TASK DESCRIPTION: Would you retype the lines from the one that holds "Querfurt, parts of the city wall" to the final line of the entries below, both ends included and exactly as written, but without pictures?
- Opening Delimiter -
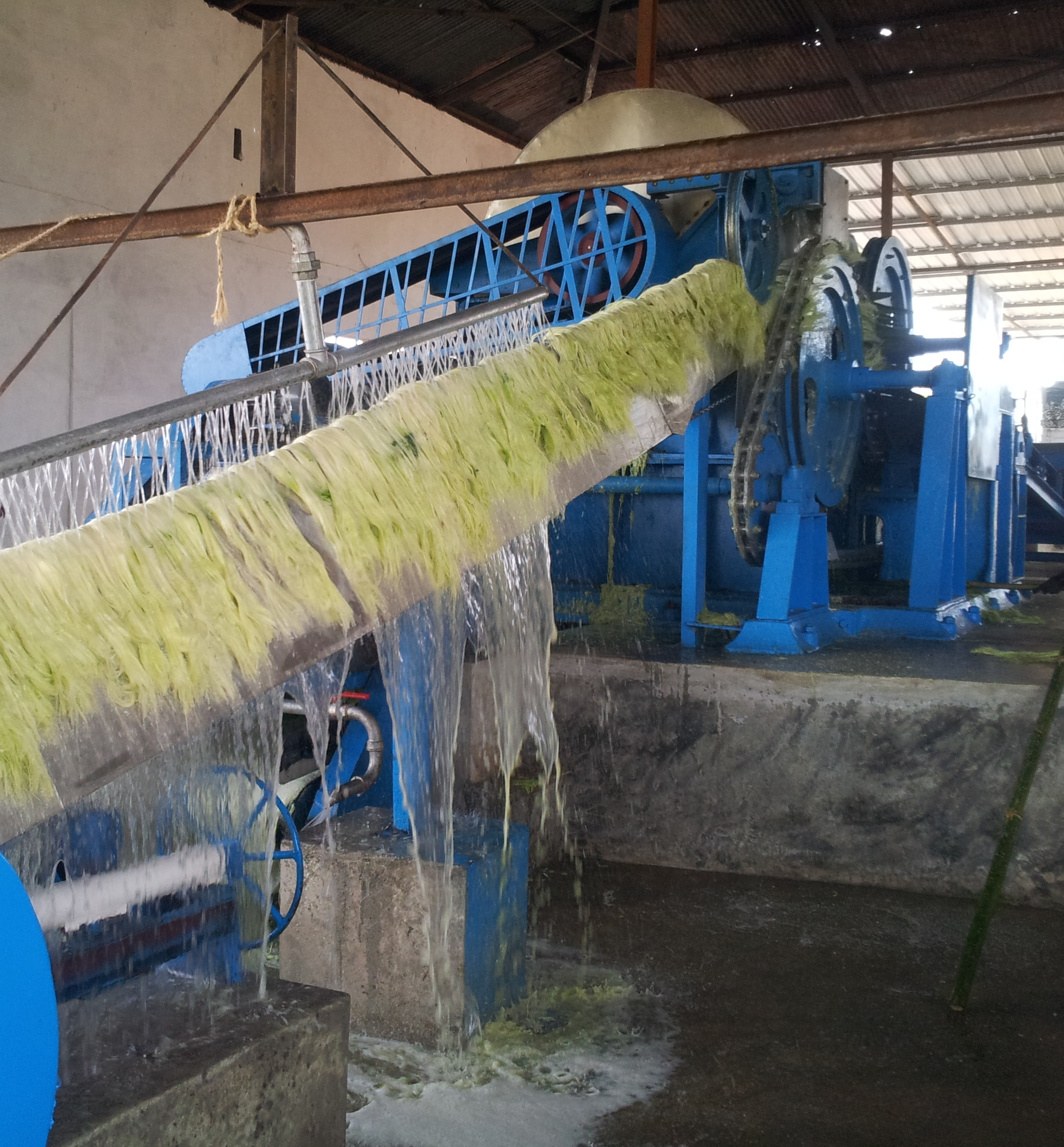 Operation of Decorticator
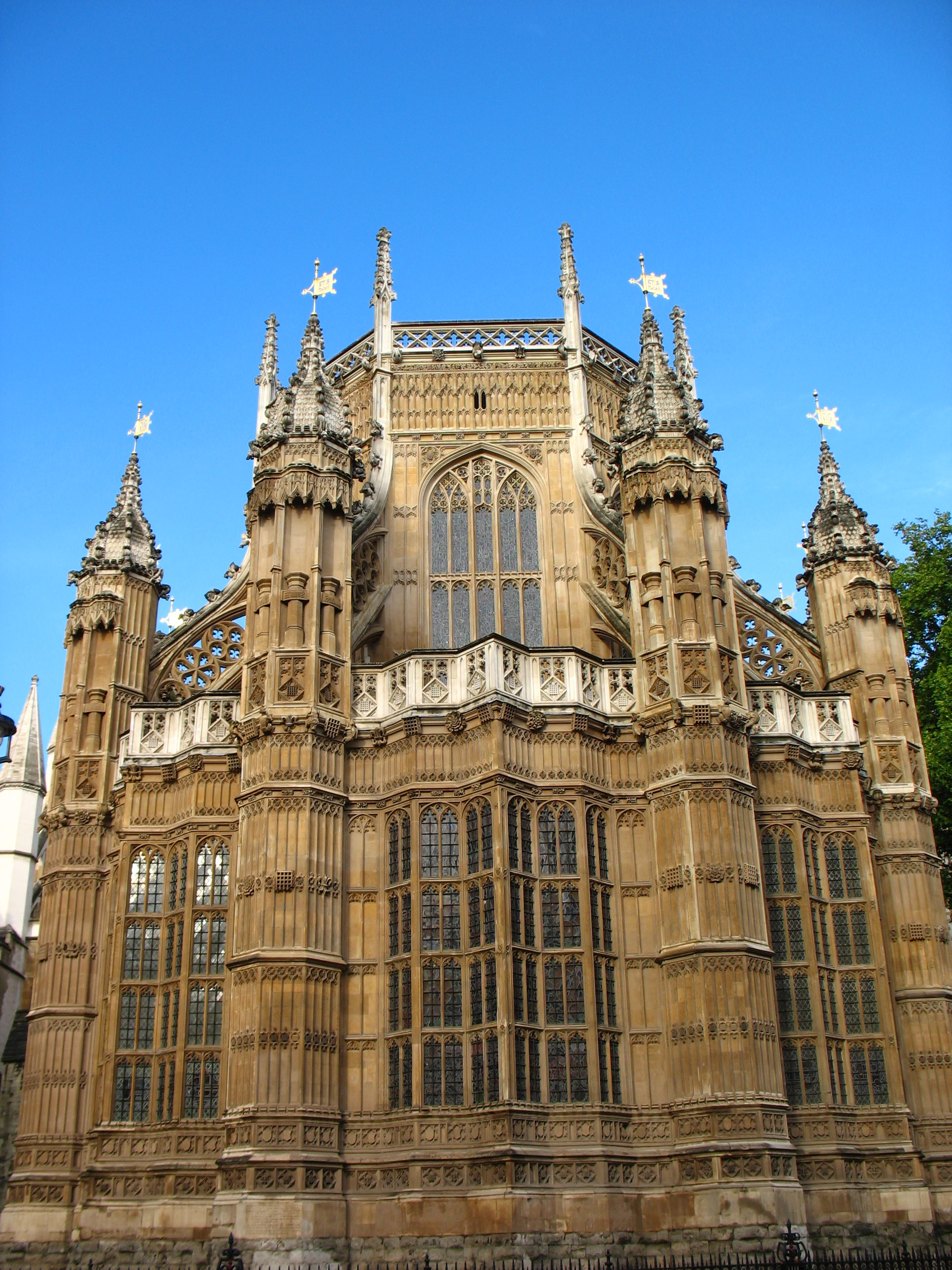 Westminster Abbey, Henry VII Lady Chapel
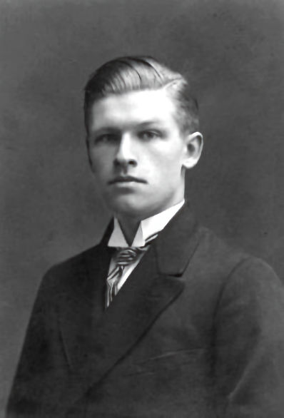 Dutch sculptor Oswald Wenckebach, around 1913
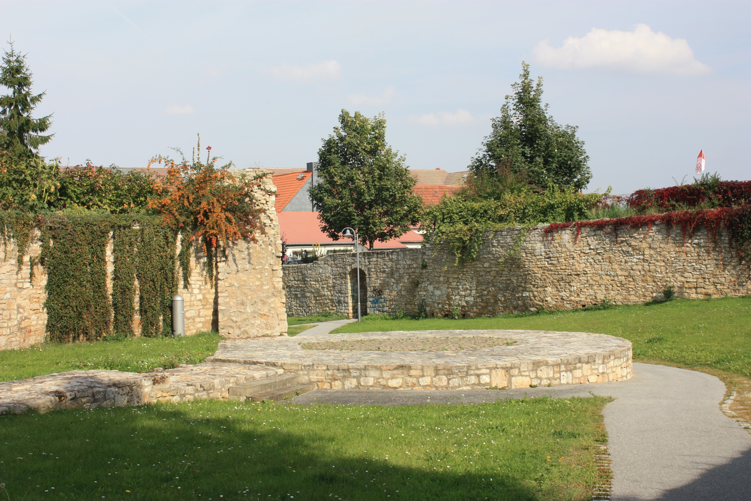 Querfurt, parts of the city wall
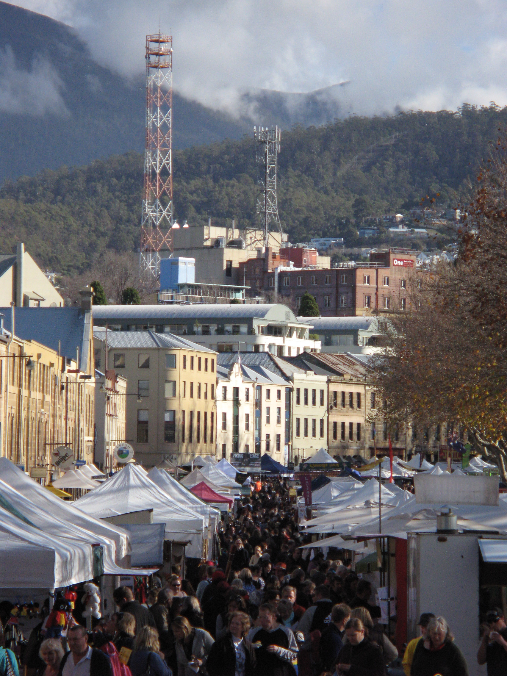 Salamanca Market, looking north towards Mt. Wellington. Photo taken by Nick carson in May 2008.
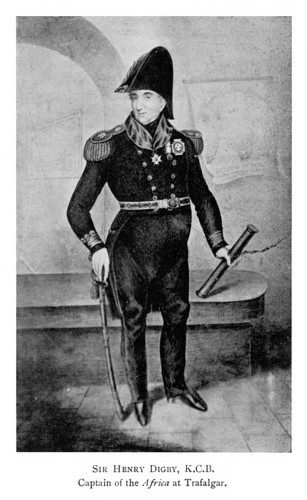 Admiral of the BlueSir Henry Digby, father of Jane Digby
- Closing Delimiter -
WRITTEN ANSWER:
 Querfurt, parts of the city wall
 Salamanca Market, looking north towards Mt. Wellington. Photo taken by Nick carson in May 2008.
 Admiral of the BlueSir Henry Digby, father of Jane Digby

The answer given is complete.